Not all pea protein powder flavors are equal. A high-quality pea protein powder should easily dissolve into liquids and foods with little to no graininess. Some formulas have a strange aftertaste, flavored or not. And flavored pea protein powders usually contain extra sugar, so you may want to steer clear of flavored varieties if you’re dieting.
Organically grown peas won’t have unhealthy pesticides that can be found in more conventional vegetables. Organically grown produce is also better for the environment. If consuming organic products is important to you, look for the USDA organic label and a GMO-free designation on the pea protein powder of your choice.
In general, pea protein powder will be vegan unless it’s been processed in a plant that also processes eggs or dairy products. To be sure, look for a certified vegan label.
It’s not uncommon to find a pea protein powder in a blend with other ingredients. Chia seeds, cacao powder, Himalayan salt, and flax seeds are a few of the extras you may find in a pea protein blend. Since pea protein is low in fiber, the added ingredients usually compensate. They may also bring additional flavor to an otherwise bland powder.
You should expect to pay anywhere between $10 and $50 for a container of pea protein powder. Price largely depends on the size of the supplement, whether or not it’s flavored, and the quality of the ingredients.

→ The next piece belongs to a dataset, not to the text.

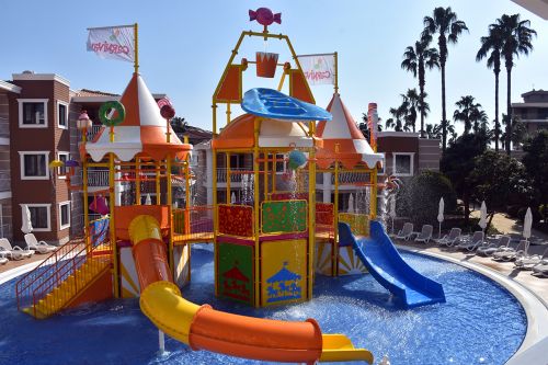 За децата: Детско меню, 2 детски басейна, 3 водни пързалки за деца, детска площадка, мини клуб (4-12 г), мини диско, детска анимация, детско столче, детска количка (под наем).

In the $10 to $20 price range, you’ll find packages that contain 10 to 20 ounces of pea protein powder. The powder will likely be unflavored at this low price. However, you can find some low-cost pea protein powders that are GMO-certified and organic.
A package costing $20 to $35 will be of higher quality and much more likely to be GMO-certified and organic. You may come across more flavor options in this price range, and the powder is more likely to have a smooth texture. Expect to find containers holding two to three pounds in this middle range. That may seem like a lot, but buying in bulk can be a good value.
Pea protein powders that cost $35 and above are usually bulk purchases. Some powders include additional ingredients like flax seeds, chia seeds, and natural sugars. If you know that you and/or the members of your household will be consuming lots of the powder, this could be an efficient buy.
Q. Is pea protein powder better than whey powder?
A. Both are suitable sources of protein, but your choice comes down to what you’re looking for. Whey powder is derived from milk, so it’s animal-based rather than plant-based. Whey is digested quickly and easily, so it’s great for stimulating muscle growth. Pea protein digests slower, which also means it’s filling. This is a decent choice if weight loss is your main goal.
One benefit of whey is that it’s a complete protein, meaning it contains all the amino acids your body needs. Pea protein is not complete, but it’s relatively easy to supplement the missing amino acids with other foods in your diet.
Q. What foods can I mix with pea protein powder?
A. Pea protein powder, like most powder supplements, is meant to go with almost any food. Unflavored powders are more versatile and can mix with food, drink, and even dessert. Flavored pea protein powders lend themselves well to shakes and baked goods.
Q. Does pea protein powder have any side effects?
A. Pea protein side effects are pretty minimal. Since it’s low in fiber, it’s easy on the stomach and less likely to cause bloating, a common issue for most protein supplements.
Q. Is pea protein paleo-friendly?
A. Since the paleo-diet excludes legumes, pea protein would not be considered paleo-friendly. Some dieters modify the diet to suit their needs, however. Since pea protein is low in carbs, it’s considered keto-friendly.